Despite rocky ties between Ankara and the EU, Turkey will benefit even more from the bloc's Erasmus student program as its funding was recently doubled, a senior official from Turkey's EU Ministry said Tuesday.
"Turkish-EU relations may go up and down but nevertheless, Erasmus has continued strongly, and we believe that it is the most concrete example of cooperation between the two sides," Turkish EU Ministry Undersecretary Selim Yenel told Anadolu Agency on the sidelines of a press conference on the bloc's pan-European mobility program.
"We can tell that the EU has already understood this, and that's why they doubled it. And I think that we will benefit even more in the future," Yenel said.
On May 2, the European Union announced its proposal for the 2021-2027 budget, under which its youth program funding was more than doubled, reaching €30 billion.
With more than 10,000 applications each year, Turkey is the country that gets the highest number of project applications among 33 program countries, according to Turkey's EU ministry.
Erasmus is a European Union student exchange program founded in 1987, and Turkey has been a member since 2003.
"I believe the fact that the EU has doubled its budget shows that this project is working. It is a very important project," Yenel said.
Describing the program as the EU's "most concrete project," Yenel said that thousands of Turkish students have gone to EU countries and vice versa despite political frictions.
Ties between Ankara and European capitals have been strained since the defeated July 15, 2016, coup in Turkey of which left 250 people dead and nearly 2,200 injured.
Turkish leaders slammed European countries for failing to show strong solidarity with Ankara against the defeated military coup.
"Underneath all these political difficulties, Erasmus kept on going," Yenel said.

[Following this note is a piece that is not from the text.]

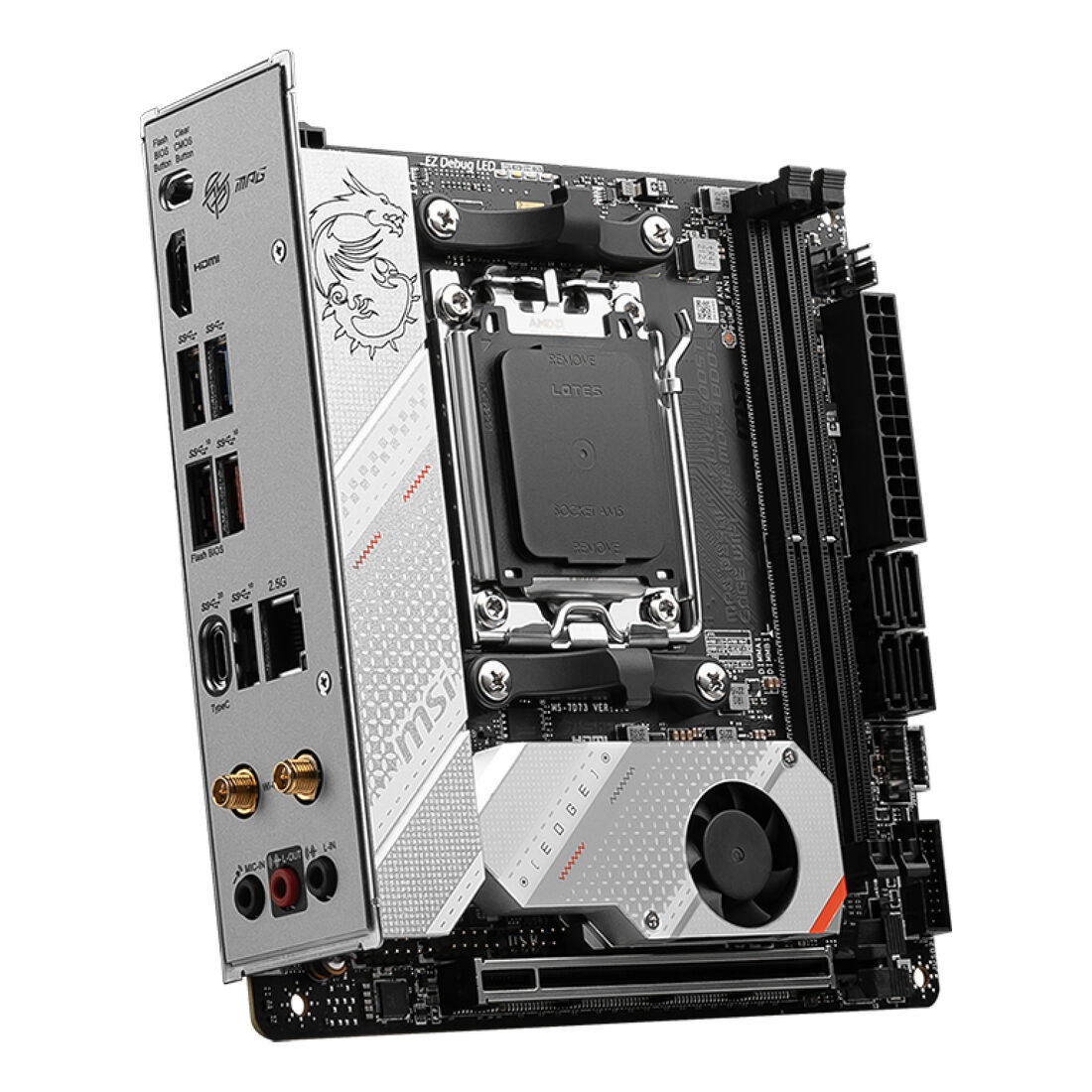 MSI MPG B650I EDGE WIFI. Produttore processore: AMD, Presa per processore: Socket AM5, Processori compatibili: AMD Ryzen 7000 Series. Tipi di memoria supportati: DDR5-SDRAM, RAM massima supportata: 64 GB, Compatibilità ECC: Non-ECC. Interfacce dell’unità di archiviazione supportate: M.2, SATA, Livelli RAID: 0, 1, 10. Tipo di interfaccia Ethernet: 2.5 Gigabit Ethernet, Controller LAN: Realtek RTL8125B, Wi-Fi standard: Wi-Fi 6E (802.11ax). Componente per: PC, Fattore di forma scheda madre: mini ATX, Famiglia di chipset per scheda madre: AMD

"Turkey has already an image problem, especially abroad," he added, saying the students that went to Europe are ambassadors of Turkey and those that came to Turkey "saw their mindset changed."
Yenel said that most of the students that came to Turkey were from Germany, and Poland has been the biggest destination for Turkish students.

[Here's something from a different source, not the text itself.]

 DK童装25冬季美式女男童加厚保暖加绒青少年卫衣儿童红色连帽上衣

"It's easier for Germans to come to Turkey as some of them have Turkish backgrounds. I think that Turkey and Germany have special relations that have historical roots," Yenel said.
"It is interesting on the other side that Turks want to go to Poland, because Poland is a relatively new member of the EU. But I believe that it has been a more welcoming country."
"We do hope that the numbers will increase for other countries as well. But for now, Germany and Poland are in the lead," he added.